Что же касается Ибрагима, то это был дурак. Жестокий дурак, который слишком любил гарем, где, собственно, и вырос. Он без конца слушал сказки одной старухи – она была с севера Украины и рассказывала ему о северных правителях, которые занимались любовью со своими наложницами в покоях, буквально выстланных соболями; соболями было устлано и их ложе; соболий мех они носили и на своем теле. Ну и этот дурак сделал себе чудовищное платье – соболя снаружи, соболя внутри, с огромными самоцветами вместо пуговиц, – которое он надевал, когда хотел удовлетворить свое плотское желание; запашок, надо сказать, со временем от него стал исходить весьма неприятный. Ибрагим верил, что плотские утехи тем сладостнее, чем больше количество той плоти, с которой он соединяется, так что специально высылал янычаров рыскать по всей стране и приводить к нему самых мясистых, самых крупных женщин, которых и укладывал в постель, влезая на них прямо в своих черных мехах, точно дикий зверь. Как раз в это время я и вернулся снова в свой сосуд, потому что самая толстая из его наложниц, самая сластолюбивая, больше всего похожая на пахнущую молоком корову, чьи лодыжки и запястья были в два раза толще, чем ваша теперешняя талия, мадам, – она была армянка, христианка, очень покорная и вечно задыхалась, – так вот, именно она своей тяжестью проломила ту плитку, под которой я был спрятан, а когда я предстал пред нею, завопила от страха. Я сказал ей, что Валид-султанша собирается нынче же вечером удавить ее во время пира, когда она будет одеваться, чтобы выйти к гостям. Я надеялся, что она непременно пожелает оказаться за тысячу миль от дворца, или же чтобы кто-нибудь удавил саму Валид-султаншу, или хотя бы скажет: «Желала бы я знать, как мне быть дальше!», и тогда я бы объяснил ей, что нужно делать, и улетел бы на своих широких крыльях на самый край света.

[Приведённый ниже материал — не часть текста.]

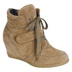 The classic sneaker gets a boost with hidden wedge heels on these trendy high-top sneakers. These sporty sneakers are constructed with composite faux leather and faux suede uppers with textured rubber soles.
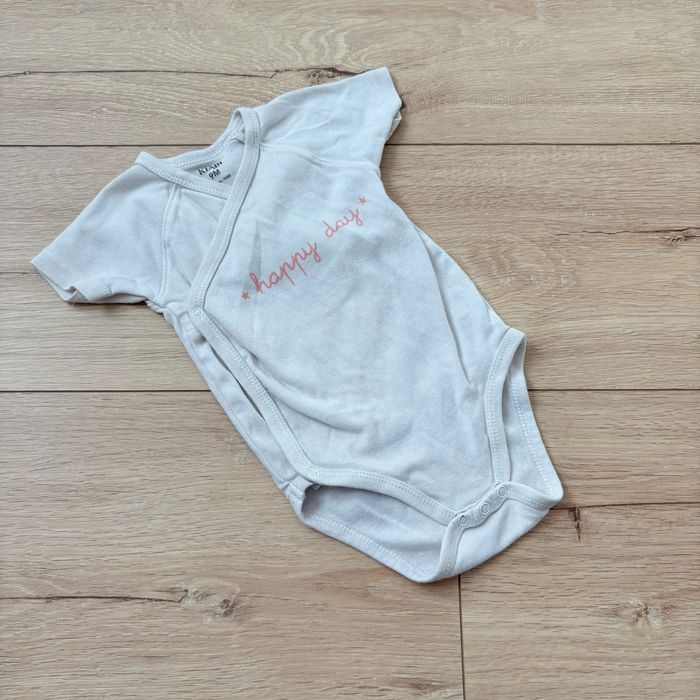 Body cache-cœur Kiabi 9 mois Blanc avec inscription « happy day » Pratique à enfiler grâce à l’ouverture cache-cœur, doux et confortable pour bébé. En très bon état, idéal pour le quotidien

Но эта шарообразная женщина оказалась слишком самоуверенной и слишком плохо соображала. Единственное, что она сумела, это заявить: «Я хочу, чтобы тебя снова запечатали в твоем сосуде, неверный ифрит! Я не желаю иметь ничего общего с грязными джиннами! Ты отвратительно воняешь»,- прибавила она, а я в это время уже снова сворачивался в кольца дымка и со вздохом просачивался в узкое горлышко своего сосуда и затыкал его пробкой. И эта женщина пронесла меня через тот самый розовый сад, где несли тогда мою беленькую черкешенку, и бросила сосуд с утеса в Босфор. Она сама проделала весь путь; даже в сосуде я мог ощущать, как тряслась и дрожала ее могучая плоть, когда она шла по тропинке. Я даже хотел ей сказать, что она слишком давно не занималась физическими упражнениями, но это было бы несправедливо: она ведь все-таки пользовалась своей мускулатурой, и весьма активно, в определенных ситуациях, чтобы удовлетворить султана Ибрагима во время его изощренных любовных игр. И Кезем действительно приказала удавить толстуху в ту самую ночь. – в точности как я ей и предсказывал. Было бы куда интереснее, если бы меня освободили эти доблестные султанши, Рокселана или Кезем, но судьба посылала мне самых обычных женщин.

Итак, я болтался в Босфоре еще двести пятьдесят лет, а затем меня снова выловил рыбак и продал мой сосуд как античную редкость одному купцу из Смирны, который подарил меня – или мой сосуд – в качестве знака любви своей молодой жене Зефир: та собирала всякие занятные бутылки, кувшины и фляжки, и у нее в гареме была уже целая коллекция. Зефир заметила печать на горлышке бутылки и догадалась, что это значит, ибо прочитала множество разных сказок и историй. Она рассказывала мне позже, что провела всю ночь в страхе, раздумывая, открыть ей бутылку или нет: она боялась, что я мог успеть разгневаться, как тот джинн, который пообещал убить своего спасителя, потому что просидел в своем сосуде слишком долго; тому бедняге здорово не повезло, когда он наконец пришел злому джинну на помощь. Однако Зефир была существом мужественным, храбрым и чрезвычайно любознательным; к тому же она смертельно скучала, и как-то, оставшись в своей комнате одна, она все-таки сорвала печать…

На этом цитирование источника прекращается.